Could you repeat every entry below word for word, leaving out the pictures?

Provided records —
_ _ _ _ _
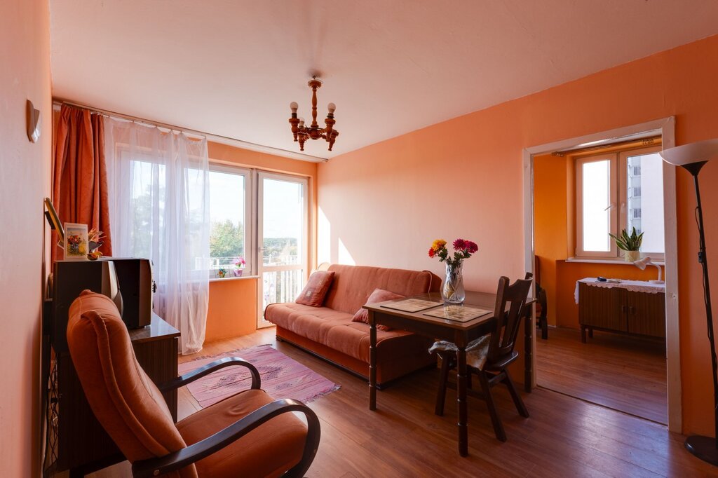 Sprzedam słoneczne, trzypokojowe mieszkanie położone na czwartym piętrze w wieżowcu.
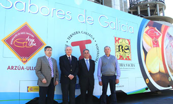 O delegado da Xunta de Galicia en Madrid, José Ramón Ónega, participou hoxe na presentación de produtos galegos certificados da Denominación de Orixe Protexida Arzúa-Ulloa, da Denominación de Orixe Ribeira Sacra e da Indicación Xeográfica Protexida Ternera Gallega que os seus consellos reguladores realizaron na explanada do madrileño Estadio Bernabéu, dentro dunha actividade promocional que están a realizar por diferentes cidades españolas.
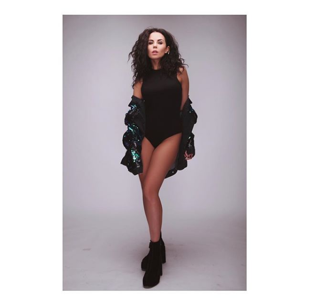 На новом фото Анастасия запечатлена в довольно откровенном образе: на певице черное боди, полусапожки и джинсовая куртка с пайетками. Ее, впрочем, почти не видно: Настя спустила ее с плеч и держит за спиной, также наряд открывает ноги певицы.
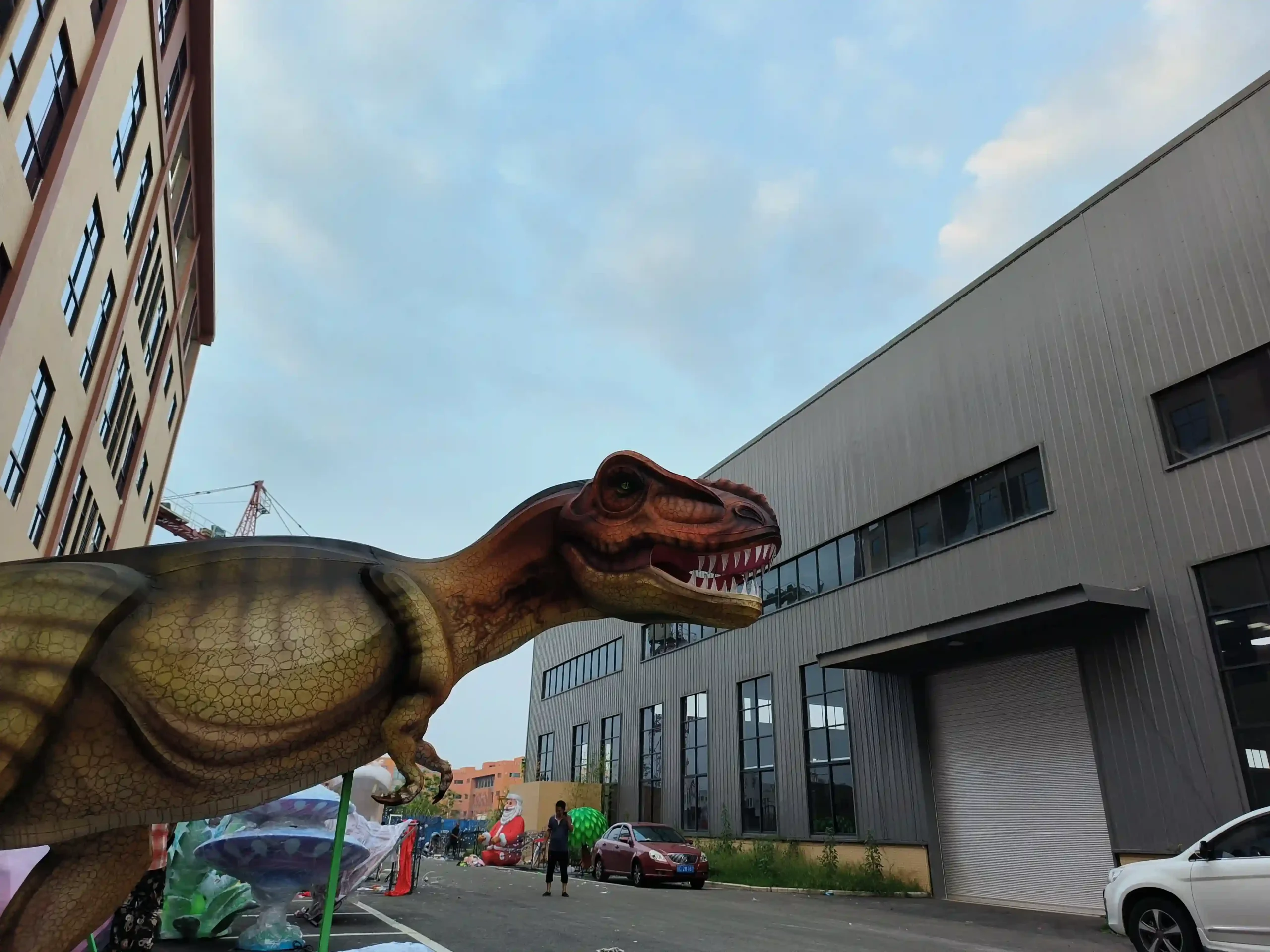 En las fotos de producción se aprecia claramente la escala real del dinosaurio. Comparado con las personas y los objetos circundantes, su tamaño es lo bastante grande como para crear un fuerte impacto visual en entornos abiertos.
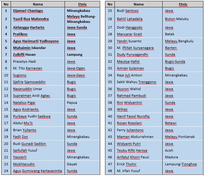 Dari data di atas, nampak bahwa pemerintahan Indonesia tak hanya diisi oleh orang-orang beretnis Jawa. Namun juga dikelola secara bersama-sama oleh politisi dan profesional dari berbagai etnis. Malah kalau kita hitung dalam Kabinet Merah Putih, sekitar 59,4% menteri justru berasal dari etnis non-Jawa. Berdasarkan fakta tersebut, maka sudah seharusnya kita menghentikan teriakan Jawa-sentris. Kalau pemerintahan kita masih dianggap mismanagement, mohon agar kritikan itu tak diarahkan pada suku tertentu. Karena boleh jadi ketidakbecusan ini juga dilakukan oleh menteri/pejabat dari etnis lain. Terlebih, seperti yang sudah diuraikan di atas, banyak ketidakberesan juga disebabkan oleh inkompetensi pemerintah daerah. Jadi, bersama artikel ini kami meminta kepada siapa-pun untuk menghentikan teriakan atau komentar yang menjurus SARA, yang bisa memperlemah persatuan bangsa. Apalagi sampai menghina dan mengeluarkan kata-kata tak pantas. Yuk, kita bangun Indonesia bersama, tanpa memandang suku dan latar belakang.
_ _ _ _ _
Written answer —
 Sprzedam słoneczne, trzypokojowe mieszkanie położone na czwartym piętrze w wieżowcu.
 O delegado da Xunta de Galicia en Madrid, José Ramón Ónega, participou hoxe na presentación de produtos galegos certificados da Denominación de Orixe Protexida Arzúa-Ulloa, da Denominación de Orixe Ribeira Sacra e da Indicación Xeográfica Protexida Ternera Gallega que os seus consellos reguladores realizaron na explanada do madrileño Estadio Bernabéu, dentro dunha actividade promocional que están a realizar por diferentes cidades españolas.
 На новом фото Анастасия запечатлена в довольно откровенном образе: на певице черное боди, полусапожки и джинсовая куртка с пайетками. Ее, впрочем, почти не видно: Настя спустила ее с плеч и держит за спиной, также наряд открывает ноги певицы.
 En las fotos de producción se aprecia claramente la escala real del dinosaurio. Comparado con las personas y los objetos circundantes, su tamaño es lo bastante grande como para crear un fuerte impacto visual en entornos abiertos.
 Dari data di atas, nampak bahwa pemerintahan Indonesia tak hanya diisi oleh orang-orang beretnis Jawa. Namun juga dikelola secara bersama-sama oleh politisi dan profesional dari berbagai etnis. Malah kalau kita hitung dalam Kabinet Merah Putih, sekitar 59,4% menteri justru berasal dari etnis non-Jawa. Berdasarkan fakta tersebut, maka sudah seharusnya kita menghentikan teriakan Jawa-sentris. Kalau pemerintahan kita masih dianggap mismanagement, mohon agar kritikan itu tak diarahkan pada suku tertentu. Karena boleh jadi ketidakbecusan ini juga dilakukan oleh menteri/pejabat dari etnis lain. Terlebih, seperti yang sudah diuraikan di atas, banyak ketidakberesan juga disebabkan oleh inkompetensi pemerintah daerah. Jadi, bersama artikel ini kami meminta kepada siapa-pun untuk menghentikan teriakan atau komentar yang menjurus SARA, yang bisa memperlemah persatuan bangsa. Apalagi sampai menghina dan mengeluarkan kata-kata tak pantas. Yuk, kita bangun Indonesia bersama, tanpa memandang suku dan latar belakang.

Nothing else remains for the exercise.